Annual Heating Cost Comparison by Province
Estimated annual heating cost for a typical 1,800–2,000 sq ft home:
| Province | Natural Gas | Electric Baseboards | Cold-Climate Heat Pump |
|---|---|---|---|
| Alberta | $1,000–$1,600 | $2,200–$3,500 | $800–$1,400 |
| BC | $1,200–$1,900 | $1,200–$2,000 | $500–$900 |
| Ontario | $1,500–$2,200 | $2,000–$3,200 | $700–$1,200 |
| Quebec | $1,200–$1,800 | $1,000–$1,600 | $400–$700 |
| Manitoba | $1,200–$1,800 | $900–$1,500 | $400–$700 |
| Saskatchewan | $1,100–$1,700 | $2,000–$3,000 | $800–$1,300 |
| New Brunswick | $2,000–$3,000* | $2,000–$3,200 | $700–$1,200 |
| Nova Scotia | $2,500–$4,500* | $2,500–$4,000 | $800–$1,400 |
| Newfoundland | $2,500–$4,500* | $1,500–$2,500 | $600–$1,000 |
*Atlantic Canada relies heavily on heating oil; “gas” estimates here use heating oil pricing. Natural gas is not widely available in many Atlantic communities.
Gas Heating: Costs and Considerations
Natural gas furnace
A high-efficiency gas furnace (96% AFUE) is the most common heating system in Ontario, Alberta, BC, and the prairies.
- Equipment cost: $3,000–$6,000 installed
- Lifespan: 20–25 years
- Annual maintenance: $100–$200
Advantage: Low fuel cost per BTU in provinces with competitive gas rates Disadvantage: Fluctuating gas prices (volatile market); greenhouse gas emissions; may face future restrictions in some municipalities on fossil fuel use in new buildings
Natural gas availability
Natural gas is widely available in: BC, Alberta, Saskatchewan, Manitoba, Ontario, Quebec. It is not widely available in Atlantic Canada, PEI, and Yukon/NWT/Nunavut, where heating oil and propane are more common.

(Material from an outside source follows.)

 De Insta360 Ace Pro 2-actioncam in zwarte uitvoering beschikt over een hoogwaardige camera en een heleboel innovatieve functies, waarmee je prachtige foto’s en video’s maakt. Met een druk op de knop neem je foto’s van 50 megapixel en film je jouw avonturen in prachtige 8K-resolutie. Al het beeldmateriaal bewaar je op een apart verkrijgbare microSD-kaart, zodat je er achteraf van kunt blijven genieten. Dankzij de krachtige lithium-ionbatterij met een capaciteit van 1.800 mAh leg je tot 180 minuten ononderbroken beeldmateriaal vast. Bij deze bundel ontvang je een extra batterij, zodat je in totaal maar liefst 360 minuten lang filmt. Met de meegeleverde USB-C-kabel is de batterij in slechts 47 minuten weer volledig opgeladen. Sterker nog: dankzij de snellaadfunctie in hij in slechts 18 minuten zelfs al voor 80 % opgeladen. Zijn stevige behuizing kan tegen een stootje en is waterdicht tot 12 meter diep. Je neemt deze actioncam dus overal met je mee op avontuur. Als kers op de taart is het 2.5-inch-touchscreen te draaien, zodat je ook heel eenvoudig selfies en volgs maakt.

Electric Heating: Types and Costs
Electric baseboard heaters
The simplest form of electric heating — 100% efficient, but “100% efficient” means converting 1 kWh of electricity into 1 kWh of heat. At typical electricity prices, this is the most expensive heating option in provinces with rates above 12¢/kWh.
Electric furnace
Similar cost profile to baseboard heaters but with forced-air distribution. Also 100% efficient (COP 1.0). Common in older homes in BC and Ontario.
Cold-climate heat pump
A heat pump achieves COP 2.5–4.0, delivering 2.5–4 units of heat per unit of electricity. At COP 3.0 and 15¢/kWh electricity, the effective heating cost is equivalent to natural gas at $0.30/m³.
The Heat Pump Case
For most Canadians, the real comparison is not “gas vs. electric baseboards” but “gas furnace vs. heat pump.”
Gas furnace vs. cold-climate heat pump (Ontario example)

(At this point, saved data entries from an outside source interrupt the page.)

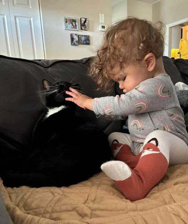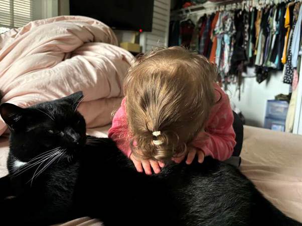 Wheatie became Zelda’s shadow, her four-legged guide, and her fierce protector. When Zelda, now a 19-month-old toddler, navigates the hallway, Wheatie walks alongside her, her sleek body consistently rubbing against Zelda’s legs, a living, purring guidepost in the darkness, a tactile map to say, “You’re on the right path.” She is more focused, more deliberate when trying to get Zelda’s attention than with anyone else. She seems to strategically lead the little girl to particular spots, with a gentle nudge or a soft meow, as if to say, “Hey, over here is your favorite toy,” or “Come this way, Mom is over here.”
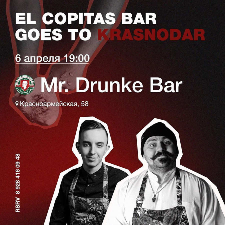 Николай Киселев и Андрей Коробков из титулованного El Copitas Bar встанут за стойку краснодарского Mr. Drunke Bar и будут готовить для гостей авторские коктейли.
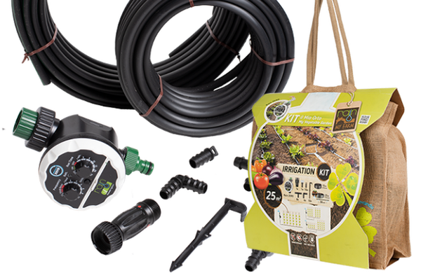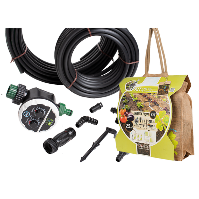 Irigarea prin picurare este cea mai usoara si eficienta modalitate de udare. Pentru a o face si mai accesibila pentru dvs., am ales acest kit „Fa-ti singur” pentru irigare prin picurare in gradina sau sera. Kit-ul de irigare My Farm Vegetable garden Include toate produsele necesare cu care puteti sa realizati singuri un sistem de irigare prin picurare pentru: legume, flori sau alte plante, pe o suprafata de maxim 25 de metri patrati.: - Programator de irigare automat Zero - Regulator de presiune - Teava PE cu lungimea de 15 metri si dimensiunea de ∅16 mm - Tub de picurare cu lungimea de 25 metri, dimensiunea de ∅16 mm si ciuperci pentru picurare incorporate la 30 cm - Teu pentru tub de picurare (8 buc.) - Mufa de legatura (4 buc.) - Suport fixare tub (10 buc.) - Dop pentru tub de picurare (10 buc.). Kit-ul ajunge la dumneavoastra intr-o geanta confortabila, ceea ce il face o idee grozava de cadou pentru orice gradinar amator.
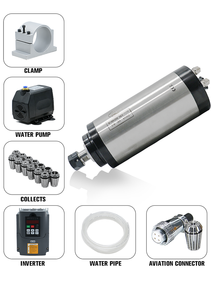 HLTNC 3kw Water Cooled Spindle + 220v/380v/110V 3/4kw Frequency Inverter HY +ER20 Collcet +100mm Spindle Clamp+ Pump for CNC
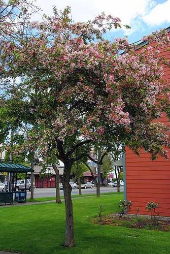 Яблоня и слива — самые популярные из цветущих деревьев; их белые и розовые цветки украшают сады ежегодно в апреле и мае. Чаще всего выращивают сливы, но стоит обратить внимание и на яблони. Есть сорта с красными цветками, которые хорошо растут на тяжелых почвах и приносят крупные и красивые яблоки, из которых можно варить варенье или делать сидр. Несколько советов: добавьте в почву перед посадкой торф или хорошо перепревший компост, подвяжите саженец к кольям и по необходимости опрыскивайте пестицидами. Поврежденные и искривленные ветви удаляют зимой.

| Factor | Gas Furnace | Cold-Climate Heat Pump |
|---|---|---|
| Annual heating cost | $1,800 | $1,000 |
| Annual savings | — | $800 |
| Equipment cost | $4,000 installed | $13,000 installed |
| Available rebates | None | $10,000 (Enbridge HER+) |
| Net cost after rebates | $4,000 | $3,000 |
| Payback vs. gas | — | 3.75 years |
| 20-year total cost | $40,000 | $23,000 (equipment + fuel) |
The heat pump wins on 20-year total cost, especially with rebates.

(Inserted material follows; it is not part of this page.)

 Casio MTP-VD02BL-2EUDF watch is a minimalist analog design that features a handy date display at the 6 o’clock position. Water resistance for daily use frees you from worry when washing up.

Atlantic Canada: oil heat vs. heat pump
The economics are even more compelling where oil heating is the baseline:
| Factor | Oil Furnace | Cold-Climate Heat Pump |
|---|---|---|
| Annual heating cost | $4,000 (2,000L oil) | $1,000 |
| Annual savings | — | $3,000 |
| Net cost after rebates ($12,000 NS rebate) | — | ~$1,000–$3,000 |
| Payback | — | Under 2 years |
Factors That Affect Your Decision
Your current heating system age
If your furnace or boiler is over 15 years old and due for replacement, a heat pump upgrade makes strong economic sense — you’re replacing anyway, and the cost differential narrows.
Home insulation quality
A well-insulated home reduces heating costs regardless of fuel type. Before upgrading your heating system, consider whether insulation improvements make sense first. See home insulation costs.
Electricity rate in your province
The heat pump advantage grows with higher electricity rates because the efficiency multiplier is more valuable. At Quebec’s 8¢/kWh, a heat pump is extremely cost-effective.
Carbon pricing and future gas prices
Natural gas prices are volatile. With industrial carbon pricing remaining, future gas rate trajectories are uncertain. Electric heating systems are insulated from gas price volatility.